- Records provided

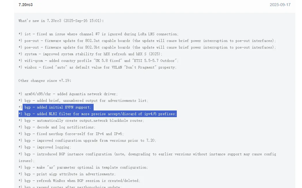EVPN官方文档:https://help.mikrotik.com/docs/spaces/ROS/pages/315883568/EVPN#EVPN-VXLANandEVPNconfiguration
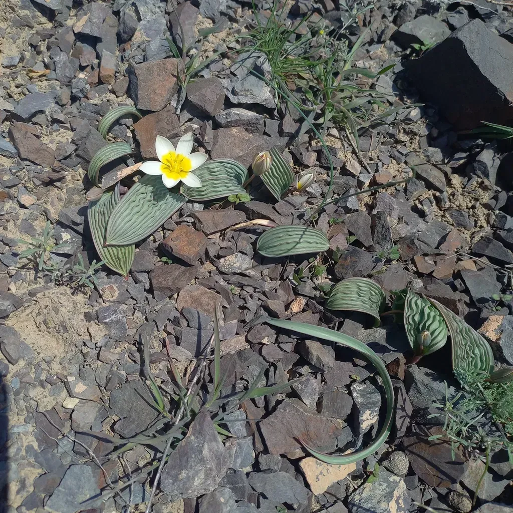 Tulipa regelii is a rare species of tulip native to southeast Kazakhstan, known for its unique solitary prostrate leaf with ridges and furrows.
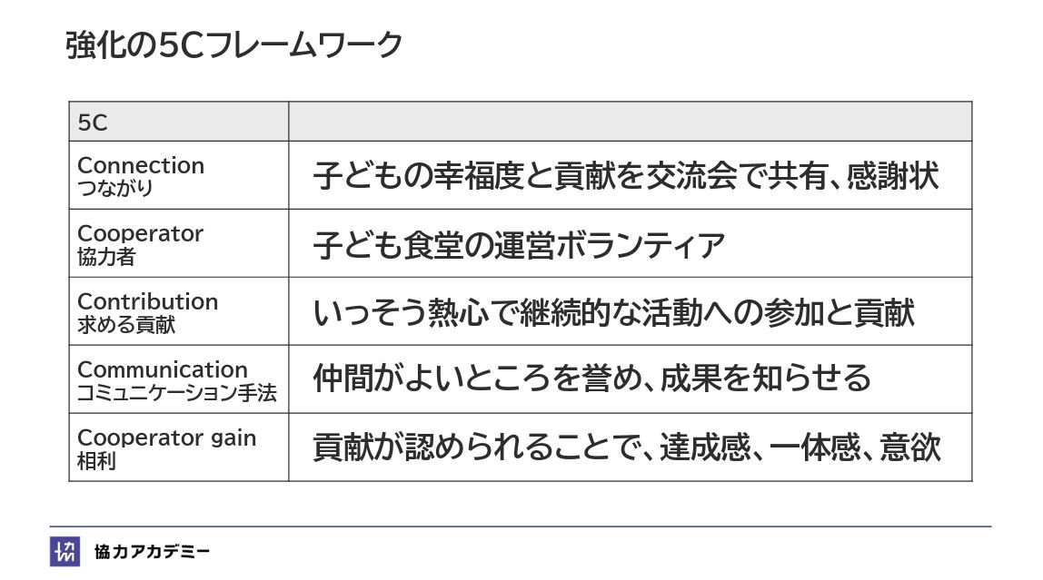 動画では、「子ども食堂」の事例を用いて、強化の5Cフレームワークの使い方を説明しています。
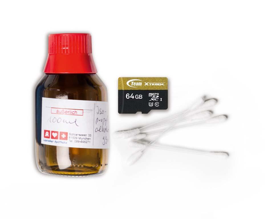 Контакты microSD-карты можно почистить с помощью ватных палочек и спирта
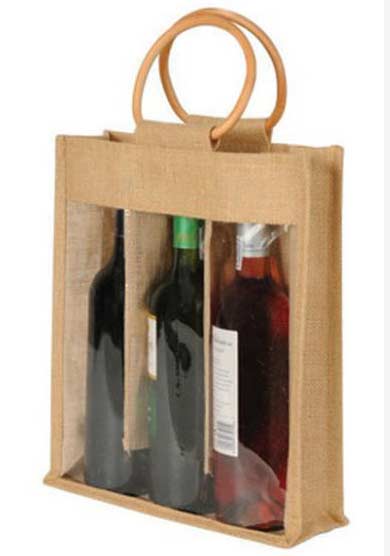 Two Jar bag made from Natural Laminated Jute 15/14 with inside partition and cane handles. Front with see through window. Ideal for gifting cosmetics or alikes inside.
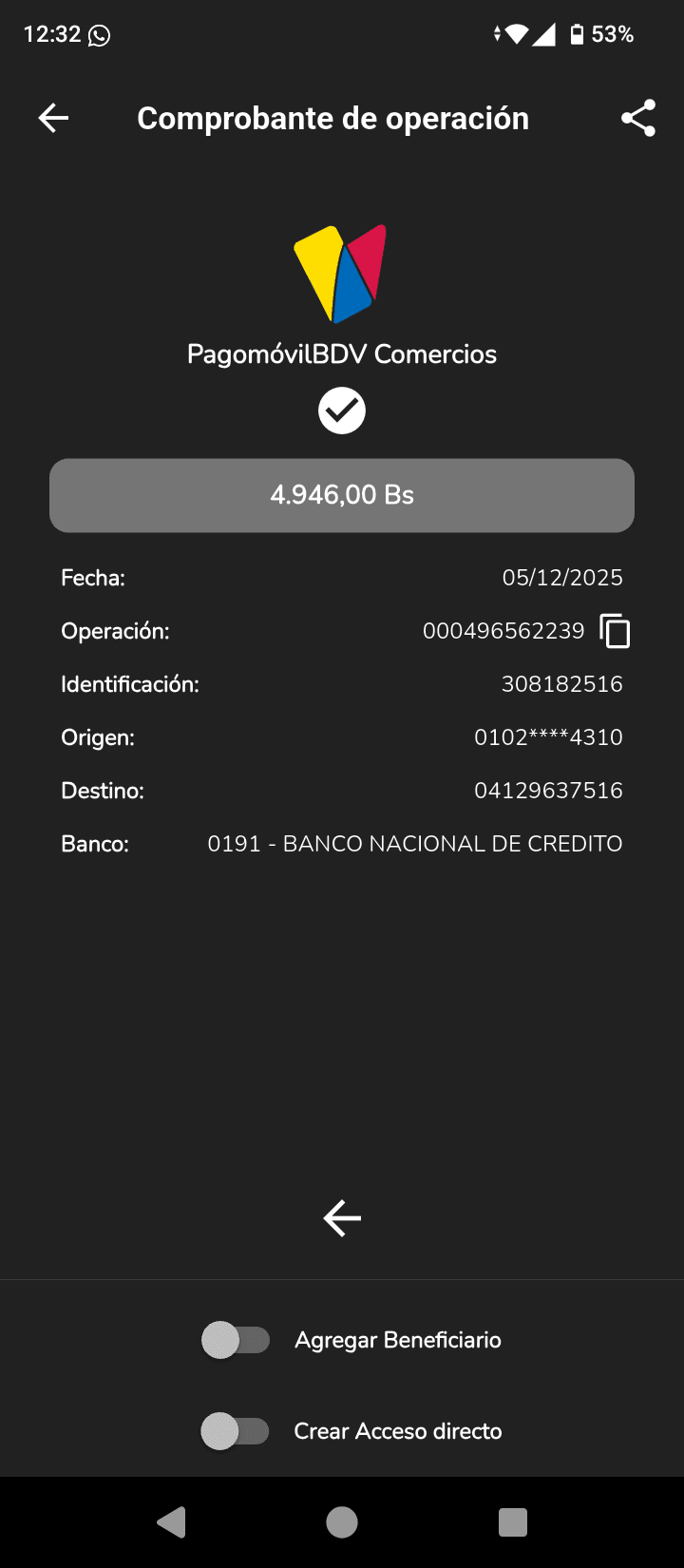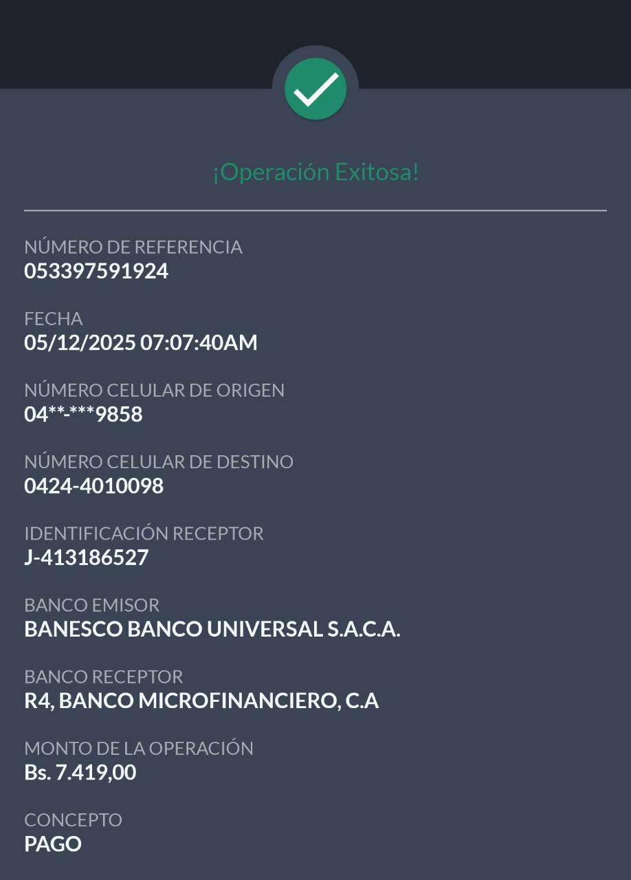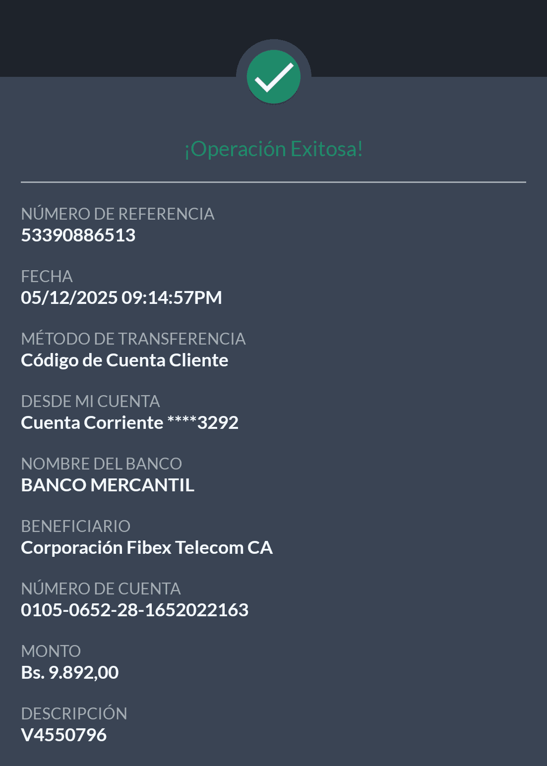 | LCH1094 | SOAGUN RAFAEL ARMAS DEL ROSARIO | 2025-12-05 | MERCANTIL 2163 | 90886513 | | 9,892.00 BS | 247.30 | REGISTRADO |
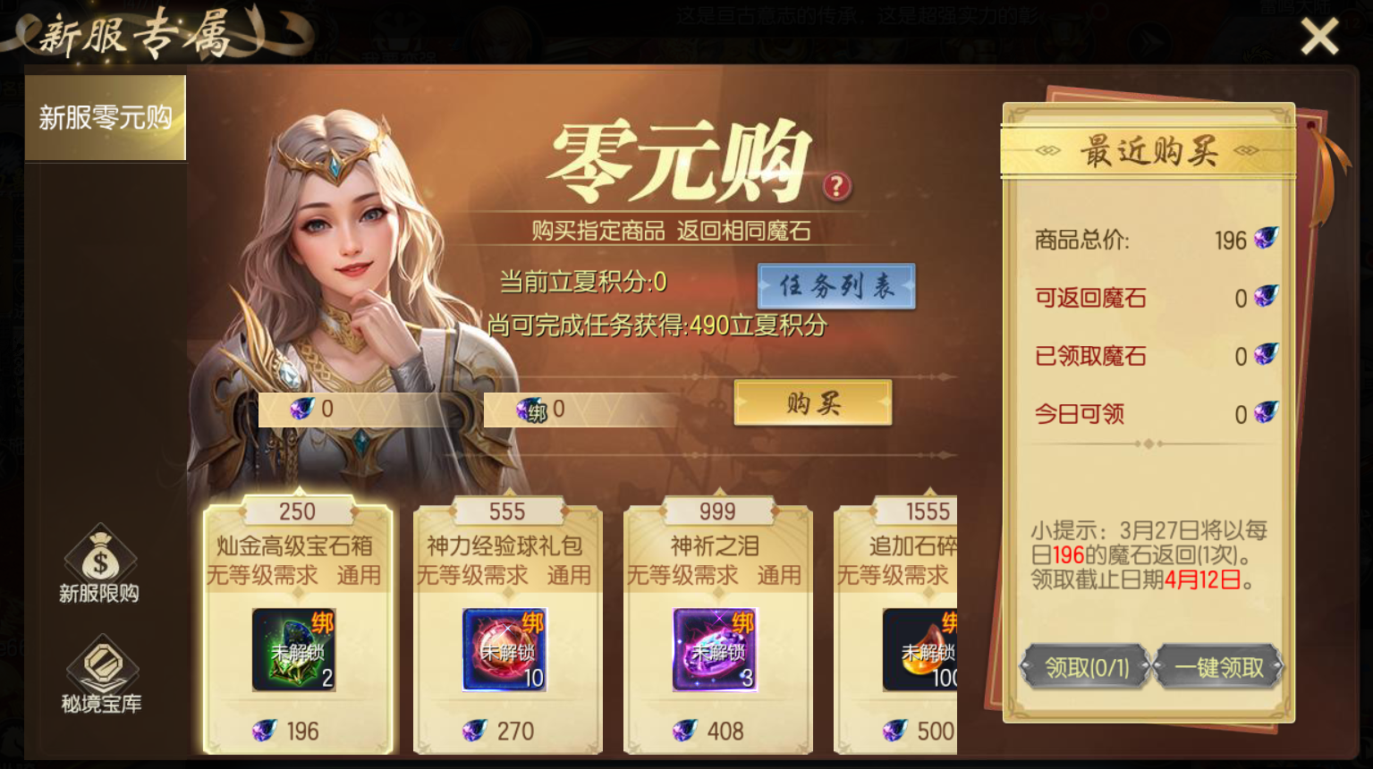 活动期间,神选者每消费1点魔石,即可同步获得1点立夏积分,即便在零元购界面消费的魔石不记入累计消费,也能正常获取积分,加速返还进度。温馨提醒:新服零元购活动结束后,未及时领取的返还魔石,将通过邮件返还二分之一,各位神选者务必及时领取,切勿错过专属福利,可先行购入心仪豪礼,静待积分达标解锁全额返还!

- Description of the task
Write out exactly, with no pictures, each line from the one containing "247.30 | REGISTRADO |" through the last line of the listing above, both included.

- Solution to the problem
 | LCH1094 | SOAGUN RAFAEL ARMAS DEL ROSARIO | 2025-12-05 | MERCANTIL 2163 | 90886513 | | 9,892.00 BS | 247.30 | REGISTRADO |
 活动期间,神选者每消费1点魔石,即可同步获得1点立夏积分,即便在零元购界面消费的魔石不记入累计消费,也能正常获取积分,加速返还进度。温馨提醒:新服零元购活动结束后,未及时领取的返还魔石,将通过邮件返还二分之一,各位神选者务必及时领取,切勿错过专属福利,可先行购入心仪豪礼,静待积分达标解锁全额返还!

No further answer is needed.